DATA:
☆ ☆ ☆ ☆
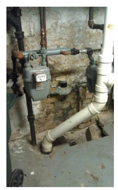
Building service entrances

The first floor heating/cooling system consists of a furnace in the basement, and an air cooled condensing unit adjacent to the fire escape. The upper apartments are heated by a pair of gas-fired hot water boilers, also in the basement. A gas-fired water heater provides hot water for the building. There is an internal cast iron storm drain dropping down into the basement and horizontally out to the storm main in N. Fairchild St.. Multiple vertical cast iron sanitary pipes drop into the basement and into the floor. There are two gas meters serving this building and one water meter.
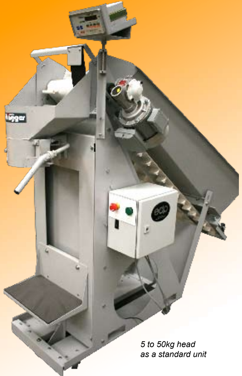
5 to 50kg head as a standard unit

With 60 years in the Fruit and Vegetables industry we have the expertise and experience to give you, our valued customer, the best and most reliable equipment economically possible
☆ ☆ ☆ ☆
WORK ORDER: Please output each line above exactly and omit all images.

EXERCISE SOLUTION:
Building service entrances

The first floor heating/cooling system consists of a furnace in the basement, and an air cooled condensing unit adjacent to the fire escape. The upper apartments are heated by a pair of gas-fired hot water boilers, also in the basement. A gas-fired water heater provides hot water for the building. There is an internal cast iron storm drain dropping down into the basement and horizontally out to the storm main in N. Fairchild St.. Multiple vertical cast iron sanitary pipes drop into the basement and into the floor. There are two gas meters serving this building and one water meter.
5 to 50kg head as a standard unit

With 60 years in the Fruit and Vegetables industry we have the expertise and experience to give you, our valued customer, the best and most reliable equipment economically possible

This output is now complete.